Second, the competitive nature of the AI industry means that employees are in high demand. By offering employees the chance to sell shares, OpenAI can provide a financial incentive to stay with the company, balancing the need for liquidity with retention efforts.

Additionally, the AI sector’s rapid growth and the increasing valuations of companies like OpenAI have created a favorable environment for secondary share sales. Employees may view this as an opportune moment to capitalize on the company’s success.

Implications for OpenAI

The proposed $6 billion secondary share sale has several implications for OpenAI. Financially, while the company does not receive direct capital from the transaction, the increased valuation enhances its market position and can attract further investment.

Governance-wise, the involvement of investors like SoftBank, Thrive Capital, and Dragoneer Investment Group could influence OpenAI’s strategic direction. These investors bring significant resources and expertise, which could support OpenAI’s growth initiatives.

Strategically, the sale allows OpenAI to maintain its private status while providing liquidity to employees. This approach offers flexibility in decision-making and the ability to pursue long-term goals without the pressures associated with public markets.

OpenAI Staff: Market and Industry Reactions

The news of OpenAI’s secondary share sale has garnered attention in the tech and investment communities. Analysts view the increased valuation as a sign of confidence in OpenAI’s future prospects and the growing importance of AI technologies.

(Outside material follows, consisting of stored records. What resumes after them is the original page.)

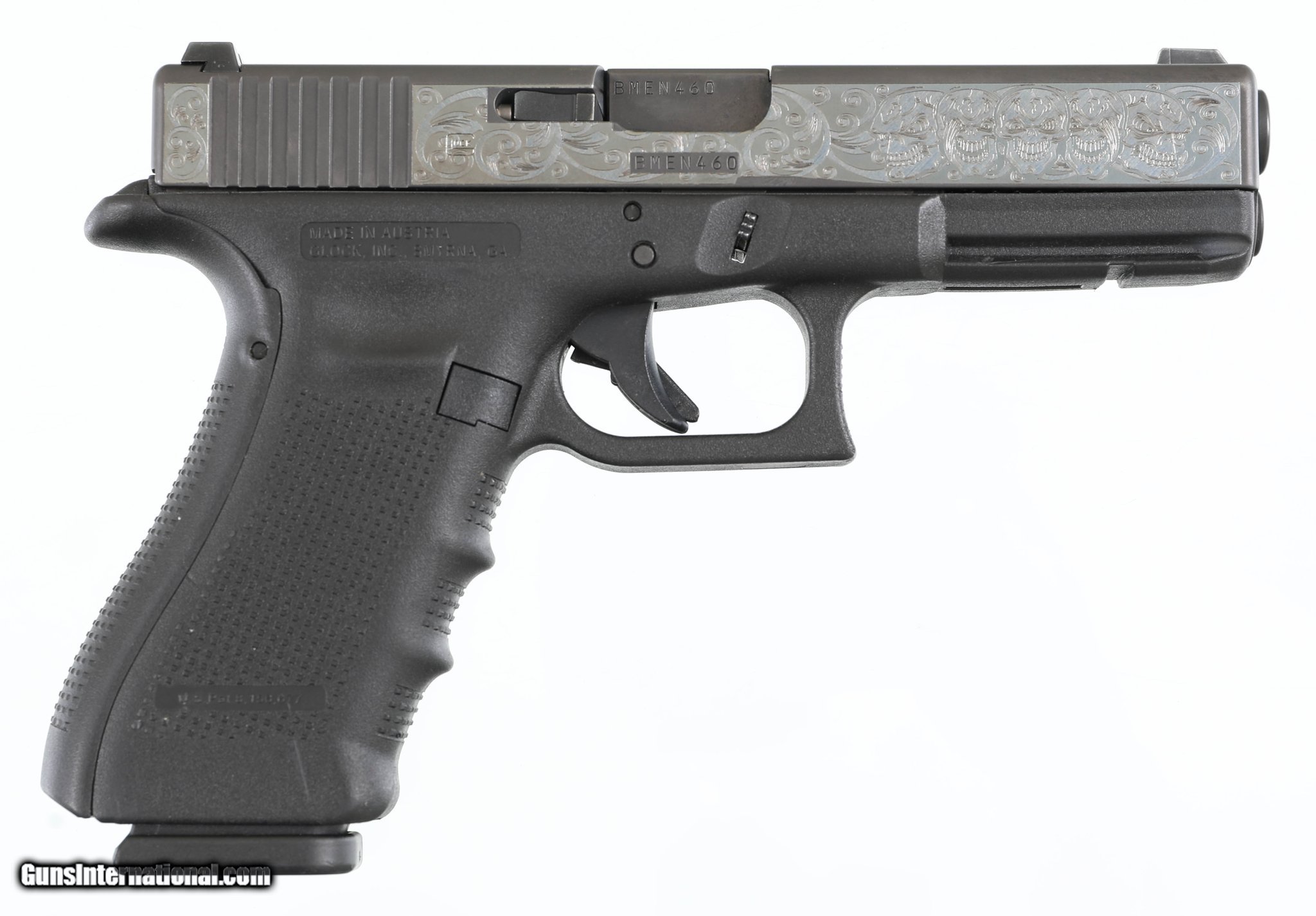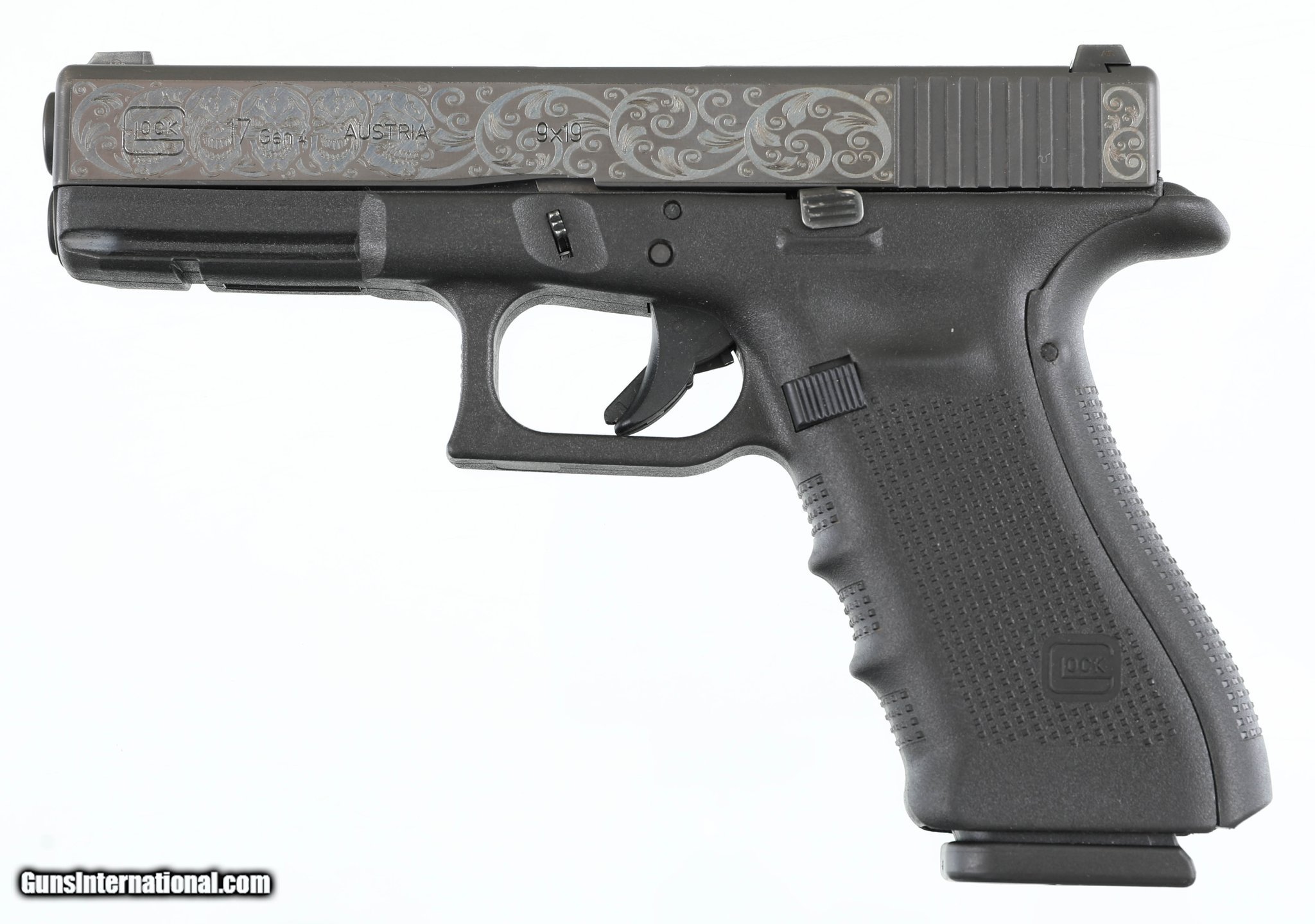 Description: Guns Listing ID: 489756 MAKE - GLOCK MODEL - 17G4 FINISH - ENGRAVED BARREL - 5\" CALIBER - 9MM CAPACITY - 17 RD GRIPS - POYLMER CONDITION - EXCELLENT YEAR - N/A COMES WITH FACTORY BOX AND PAPERWORK SOLD Manufacturer: GLOCK Model: G17 GEN 4 Caliber Info: 9MM LUGER (9x19 PARA) Condition: Used - Non-Certified Barrels: 5 BARREL Finish: black blued engraved |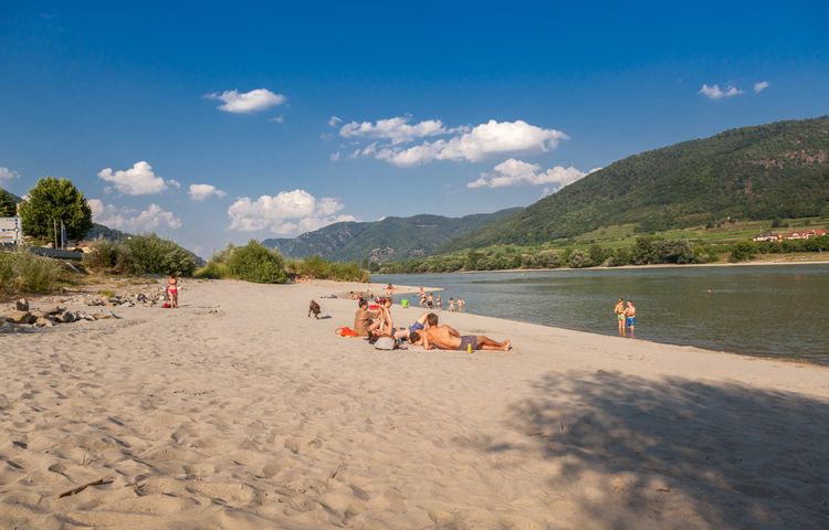 Erlebnisbad, Fischen, Tennis, Kinderspielplätze, Beach-Volleyballplatz, Radverleih, 2 km verkehrsfreie Donauuferpromenade, Ausgangspunkt zahlreicher Wanderungen und Radtouren, Donau-Rollfähre (mit „Camera obscura“ von Olafur Eliasson).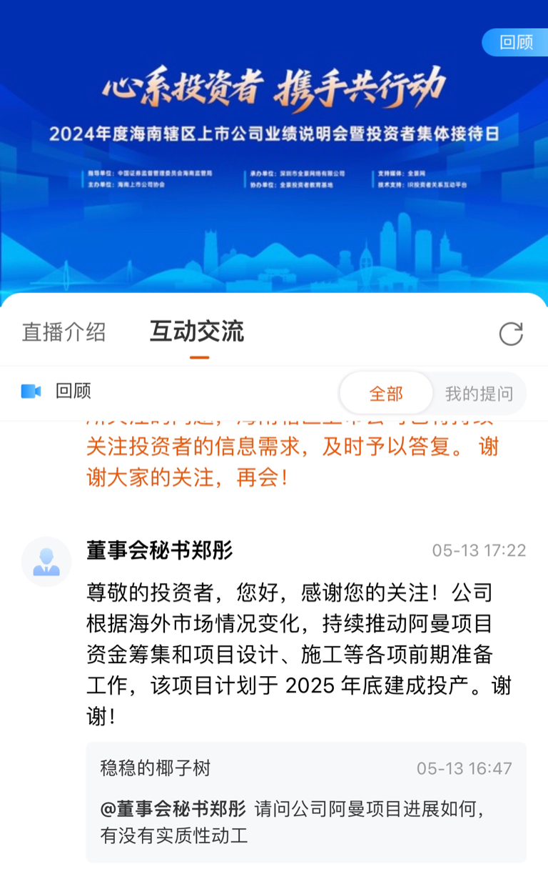 5月年报回复阿曼项目一切顺利进行,9月董秘就改口,四个月在阿曼建了一个厕所没有?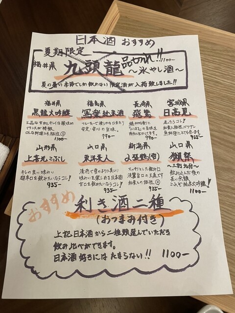店内には豊富な種類の日本酒が揃っており、「利き酒二種(おつまみ付き)」という魅力的なメニューもあります。次回は日本酒好きの友人と再訪し、様々な日本酒を試してみたいです。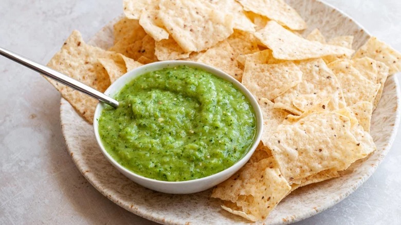 The versatility of a fresh salsa verde makes it a must-have condiment that can readily accompany any dish on the Cinco de Mayo table. Tangy tomatillos, chopped jalapeños, vibrant white onion, and cilantro are blended in the food processor to make a light salsa made creamy with ripe avocado.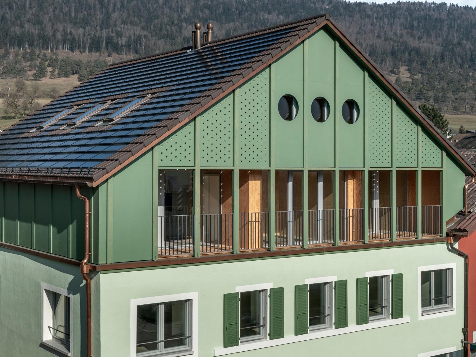 La densification voulue par la commune a vite abouti à un projet de surélévation. La capacité de l’immeuble a été portée à huit appartements. Dont deux en son sommet, ce qui a nécessité une profonde transformation de la toiture. Le studio biennois V9, les architectes Tanguy Poffet et Bastien Jeandrevin en particulier, l’ont ainsi totalement repensée. Ce faisant, ils ont tenu compte de l’état plutôt bon du bâtiment et de ses cachets patrimoniaux. Non sans rappeler son passé scolaire, tout en misant sur le calme dont vont pouvoir profiter ses futurs locataires, malgré la proximité d’une route à fort trafic.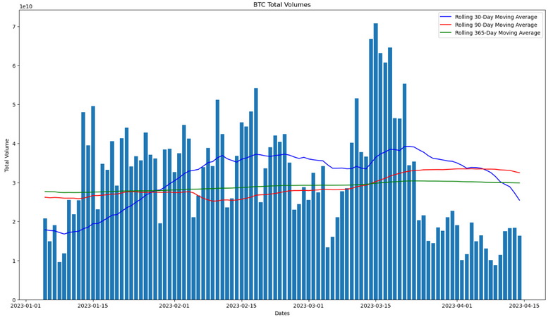 比特币。数据来源:继上个月达到自去年11月FTX加密货币交易所崩溃以来的最高水平后,由于币安BTC对的大幅波动和零交易费用,比特币现货交易量大幅下降。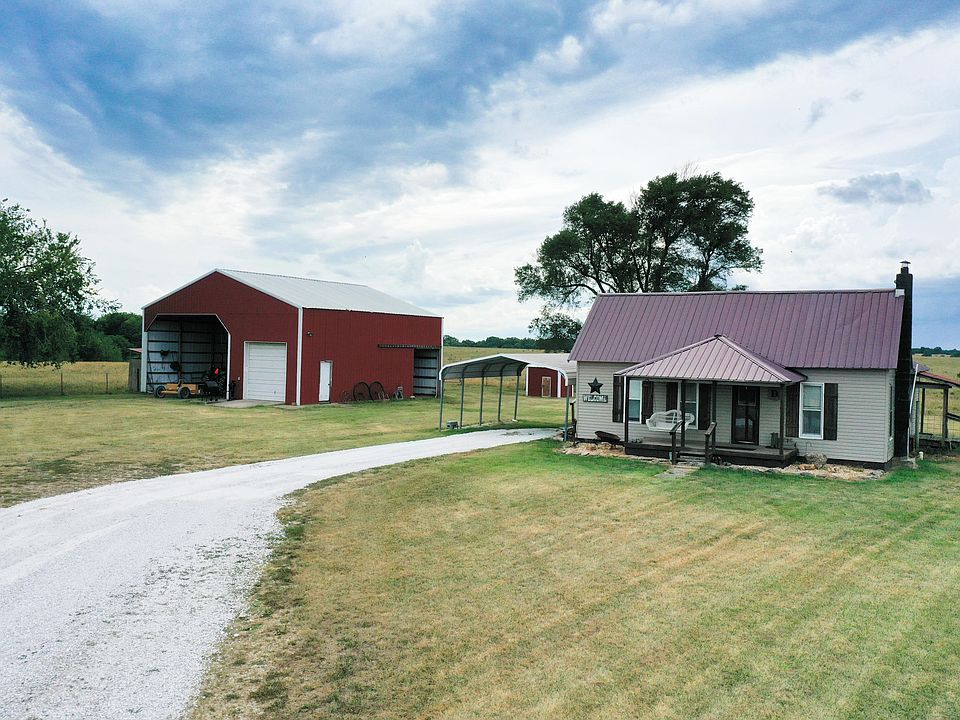 You'll find this charming farm house perched perfectly on the hill side of 80 m/l acres. With a ton to offer you can feel confident in relocating to the slower paced life rural America provides on these Ozarks rolling hills. Inside the 2 (could be 3) bed room, 1 bath farm house you will find a large living area with wood burning stove, dining room big enough for the family dinners, kitchen and spacious laundry. The sizable back patio allows for entertaining and the perfect place to watch the sun set on your very own farm. The 40 by 40 pole type barn has all the room needed for the tools and toys of the farm and or an RV or boat with Stockton Lake being just minutes away. Barn also houses a 16 by 30 shop with concrete and electric. The maintained pasture is crossed fenced with multiple ponds, coral and automatic waters and is ready and waiting for your livestock.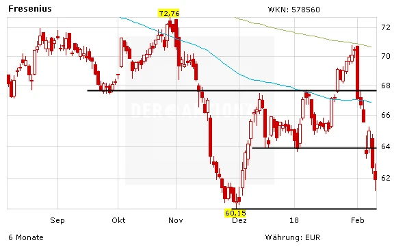 Fresenius ist stark aufgestellt und dürfte sowohl organisch als auch durch Zukäufe weiter auf Wachstumskurs bleiben. Zudem überzeugt die kontinuierliche Dividendenstrategie. Nach 25 Dividendenanhebungen in Folge ist Fresenius Deutschlands erster Dividendenaristokrat. Charttechnisch ist die Aktie von Fresenius allerdings derzeit deutlich angeschlagen: Das Papier ist vor Kurzem an der 200-Tage-Linie gescheitert und im Zuge von Short-Attacken und der allgemeinen Marktschwäche auch unter die Supportmarken von 68 und 64 Euro zurückgefallen. Nun gilt es die Unterstützung bei 60 Euro zu verteidigen. Anleger sollten sich derzeit auf die Lauer legen und versuchen, günstig zum Zuge zu kommen. Fresenius ist ein Wert, bei dem man nach dem Motto verfahren kann: Kaufen und liegen lassen.

Investor interest in the secondary sale reflects the high demand for exposure to leading AI companies. However, some investors have expressed concerns about the limited availability of shares at the $300 billion valuation, leading them to seek opportunities in the secondary market.

X Source: Users Discussed AI Products Map

The broader AI industry is closely watching OpenAI’s moves, as they may set precedents for other companies in the sector. The balance between providing liquidity to employees and maintaining control within the company is a key consideration for firms navigating similar growth trajectories.

Bottom Line

OpenAI’s plan to allow employees to sell $6 billion in stock to investors like SoftBank and Thrive Capital marks a significant development in the company’s evolution. The secondary share sale provides employees with financial liquidity while maintaining the company’s private status. The increased valuation underscores the growing confidence in OpenAI’s position in the AI industry.

As the AI industry grows, OpenAI’s way of handling funding and employee shares could affect other companies. Finding the right balance between getting investors, keeping talented staff, and staying in control will be important for companies in this fast-changing field.